Présentation par Céline Laneres, chargée de la médiation et des jeunes publics à La Galerie :

« Une forme, choisie à travers les lignes naturelles d’un paysage photographié, est décalquée au crayon. Découpée puis appliquée sur une feuille à la manière d’un pochoir, cette forme se révélera en creux, quand le reste de la feuille sera uniformément recouvert de peinture.

Ce travail permet de comprendre la démarche de Georges Tony Stoll qui s’approprie les formes des paysages ruraux et urbains. Il nomme la réalité qui l’entoure son « territoire de l’abstraction » car il y puise sans restriction les formes abstraites, mouvantes, naturelles ou construites que l’on retrouve dans chacune de ses oeuvres. »

Cet atelier s’est déroulé dans le cadre d’ateliers croisés entre La Galerie et la Médiathèque avec le Centre Médico-psychologique de Noisy-le-Sec autour de l’exposition personnelle de Georges Tony Stoll.

Georges Tony Stoll (3 décembre 2011 – 11 février 2012)

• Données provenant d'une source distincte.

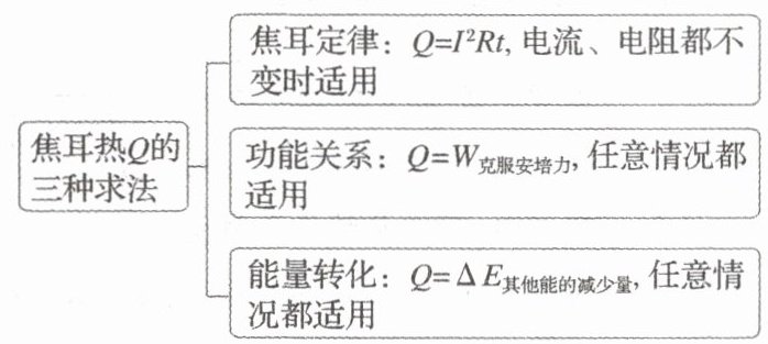 上述三种方法分别为焦耳定律(电流电阻恒定时)、功能关系(克服安培力做功)、能量转化(其他能减少量)求焦耳热。

« L’exposition de Georges Tony Stoll à La Galerie de Noisy-le-Sec propose une relecture du travail de l’artiste. Longtemps considéré comme une œuvre de l’intime, son travail photographique n’est qu’une des facettes d’un travail et d’une pensée qui se construisent depuis plus de vingt ans. Ses formes et ses supports reflètent ses questionnements sur l’expérience de l’art, sa fabrication même et la notion d’abstraction dans une société où le réel tend à s’imposer jusqu’à l’imaginaire. La photographie, la vidéo, la peinture, les constructions de bois, les tableaux de laines sont autant de domaines d’interrogation sur l’acte de création. Ils mettent en scène l’expérience de l’art, interrogeant l’écart entre le réel et « la fabrication du réel ».

Extrait du communiqué de presse de l’exposition (texte par Jean-Marc Avrilla, commissaire associé sur l’exposition, historien de l’art, commissaire et critique indépendant.)